Updated: Jan 28, 2022


Okay, that may or may not have been a sensational headline but there’s a reason for it. I feel like suicide prevention is something extremely serious and we’re not really committed to it in truly meaningful ways.


We all know the Suicide Hotline number (1-800-273-8255. Hell, Logic made a song about it.) And from time to time we all share it just in case. While I think it’s a good gesture and I don’t want to deter people from doing it at all...do you even really care when you share it, or are you putting it out there and moving on to the next thing because someone else shared it before you? It’s okay to not think about every issue non-stop because it would be all that we’d be sharing (kidnappings, various cancers, and diseases) and we need our moments of levity. But behind that, we need to realize that depression and suicidal thoughts are just as real as the other diseases. They don’t go away, they need regular treatment and sometimes treatment is being able to be open and honest with someone (but meds are important as well.)


So what’s a good example of doing suicide prevention correctly? Simple: Postsecret.


Postsecret has been going on for about 15 years now and is intrinsically tied to not only the Suicide Hotline (where its founder worked for at one point) but it’s a source of people coming out with their feelings of frustration regarding life and also their redemption from reading other people’s secrets. And it all starts with, what I believe, one simple principle: honesty.


Postsecret does a great job of bringing people together because the level of honesty is almost unmatched. Anonymous people send in their secrets and that’s when the magic happens. Every week new secrets come out and a counter at the bottom shows how many people are visiting in real-time. That rawness is what people relate to more than anything. Not the facade of Instagram or the clickbait of Facebook. People don’t expect to see what they do each week on Postsecret but they see the truth, which makes them trust, which makes them vulnerable but also brave. Knowing other people are out there who relate to them, who have similar fears and insecurities can make their world a little better to live in. That site does a great job and that’s why I’ve been frequenting it weekly for over a decade.


Want to know what isn’t inviting? Constantly showing that you’re someone that a person who may be depressed or suicidal can’t trust to come to for help. I don’t agree that going through with it is a cowardly act because it’s completely brave to go through with a permanent decision like that. Unfortunately, that bravery comes from feeling you’ve been trapped into a corner without a way out.

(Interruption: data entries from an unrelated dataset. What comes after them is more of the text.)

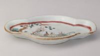 此盘造型别致,釉面洁白,器足圆润,画面主要以红彩为主,绿彩点缀其间,整体色彩淡雅,笔意粗率奔放,虽寥寥数笔,人物姿态却极为生动。据考证,此种海棠式盘系当时为适应日本市场需求而专门烧造的外销瓷,具有鲜明的时代特征。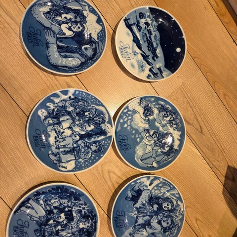 Stavanger flint blått serveringsfat med gulldekor. Svak kakelering grunnet alder.
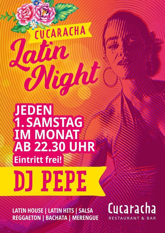 Für dich und deine Freunde haben wir das perfekte Abendprogramm für ein ausgelassenes Wochenende! Tanze zu heissen Latin Beats aufgelegt von DJ Pepe, dazu gibt's beste Cocktails und leckeres Essen. Jeweils am 1. Samstag im Monat ab 22:30 Uhr, Eintritt frei! https://www.facebook.com/cucaracha.basel

I’ve been there before, one time so bad that I was in my own shower crying and contemplating how to poison myself and make sure my daughter would be okay. My frustrations were caused by my relationship at the time, money, insecurity as a father and being fired from a job. And you know who I wouldn’t go to about my problems? People who constantly talk about how people don’t deserve better wages at lower-paying jobs, people who talk about how weak men are for showing emotions over women, the prospect of a court system that favors birth mothers, and people who swear that just because I don’t have a college degree that I don’t deserve a better situation in life. You’re not creating an environment where people can trust you and so posting the hotline number just rings hollow.

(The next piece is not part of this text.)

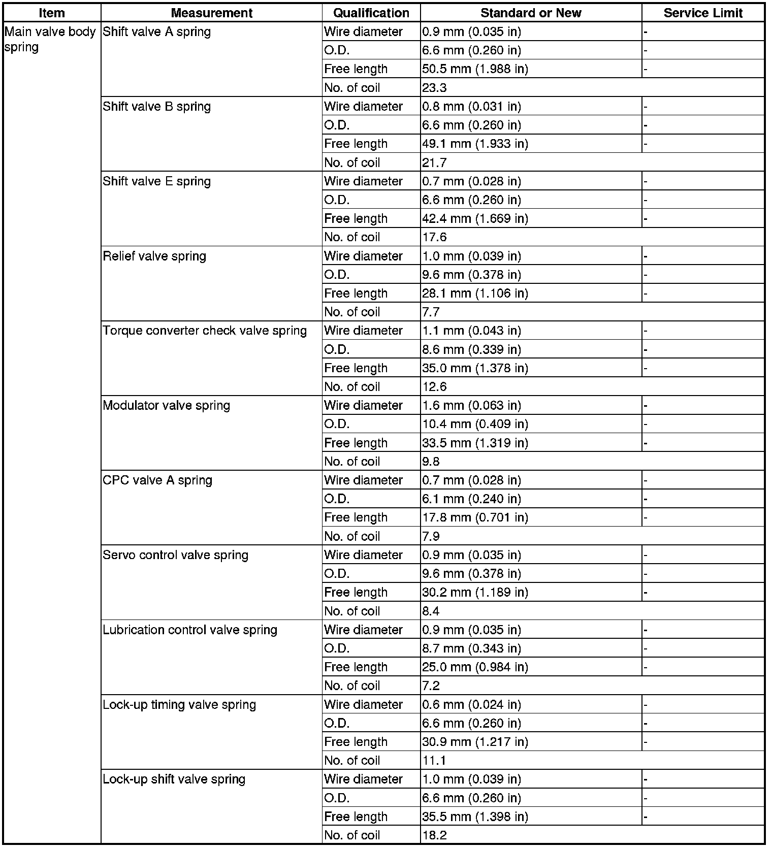 Main Valve Body Spring Specification(s)

You’re acknowledging that a problem exists but you want to do nothing to actually fix the underlying issues.


Soldiers have a high rate of suicide due to issues resulting from being in war. I keep hearing “support the troops” but that only seems to mean blindly encouraging the military and not really taking care of the people in it. Want to really support the troops? Have them not go to war. How about giving them better options when they get out. I see homeless vets and people who are hurting constantly get stepped over and given the runaround by their former employers because they were given millions per unit to kill people that don’t know their names but not enough resources to talk to someone about what they went through to get back on their feet. Somehow there’s a contingent of people who are cool with making sure a foriegn terrorist is dead with money we give them to execute but aren’t so sure that we pay for their pills when they get back. And the main issue is that the care isn’t there for the people at home first and so when THEY come back, we’ve dismantled everything that could keep them afloat.

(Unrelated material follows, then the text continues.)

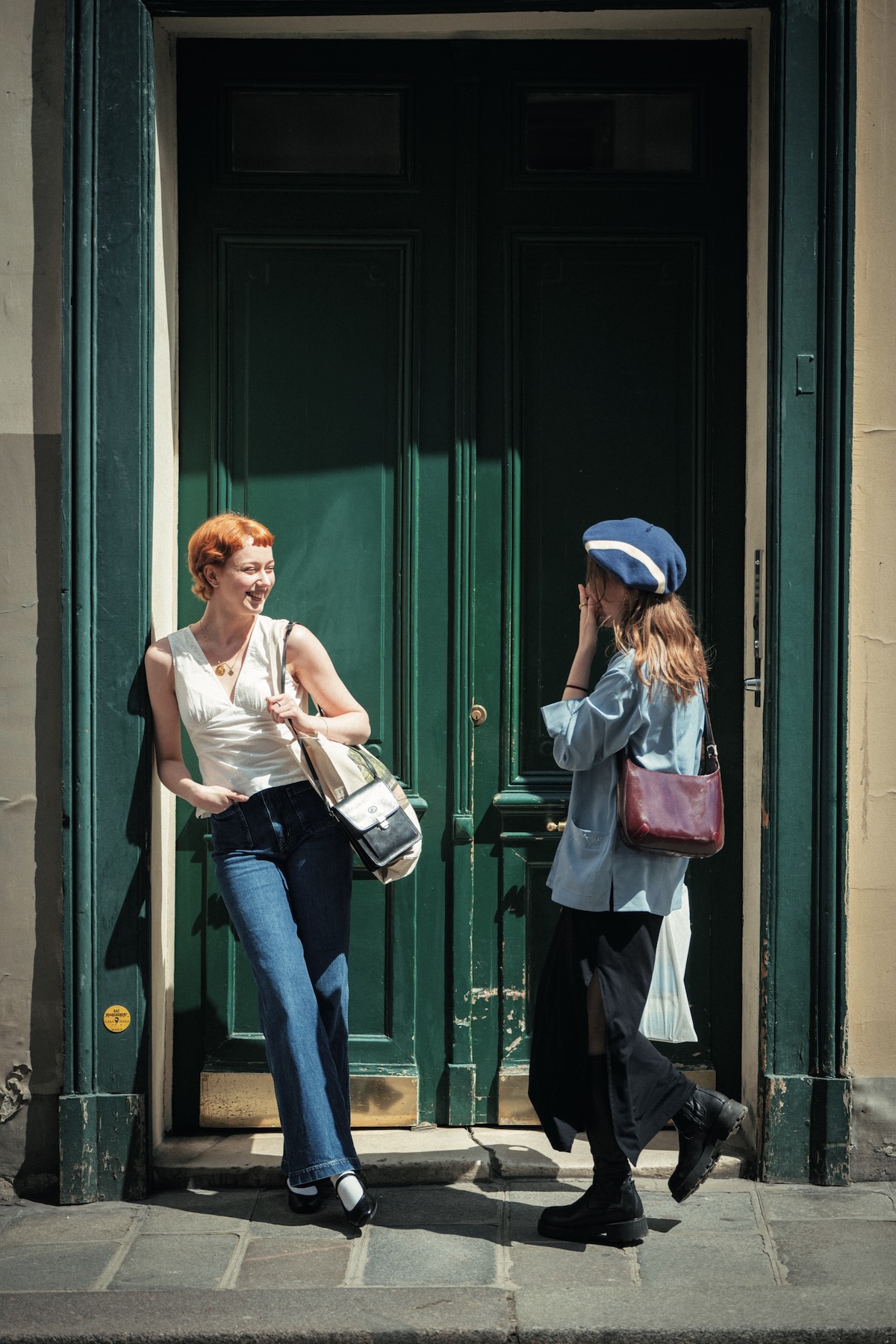 空を覆っていた雲もどこかへ消え、太陽が顔を出したお昼すぎ。「あの緑のドアのところで待ち合わせね! 」そんな約束で集まった今日は、2人でショッピングをする日。さっきまで着ていたフーディをトートバッグにしまってすっかり夏の装いのメリッサと、ベレー帽でお洒落したヘスケは、公私ともによき相棒。グラフィックデザイナーとして互いを刺激し合いつつ、悩みを共有したり、くだらない話で盛り上がったり……一緒に過ごす休日が、2人にとっての充電時間。

Now replace soldiers with any poor person losing their job, any gay kid that gets bullied in school or a family member who lost another to suicide. Then think about what you’re putting out there on a regular basis and wondering why these things keep happening.


Some months back in a group chat I’m in that’s predominantly men, we ended up discussing depression and finding out things about each other that we never knew. And while it was refreshing and heartbreaking to hear about the pains my friends and I were/are going through, I think it’s worse that we’re still not at a place where we frequently express those feelings out loud for others to see or hear. To me, Postsecret shouldn’t be relegated to one site, we should all be able to lay some things bare in order to help ourselves and others. By putting that out there, someone can know that you’re a good enough person to come to or know that they themselves aren’t alone in their struggles. The world becomes a better place to live in when we’re not all begging for likes. My hope is that more people think about what they’re putting out there regularly and fostering an environment where we’re saving people’s lives by just being honest with each other and the outside world. And from there, maybe the suicide hotline will get fewer calls, not because it’s not necessary, but because we’ll be replacing it with our own inboxes.


Y’all be safe.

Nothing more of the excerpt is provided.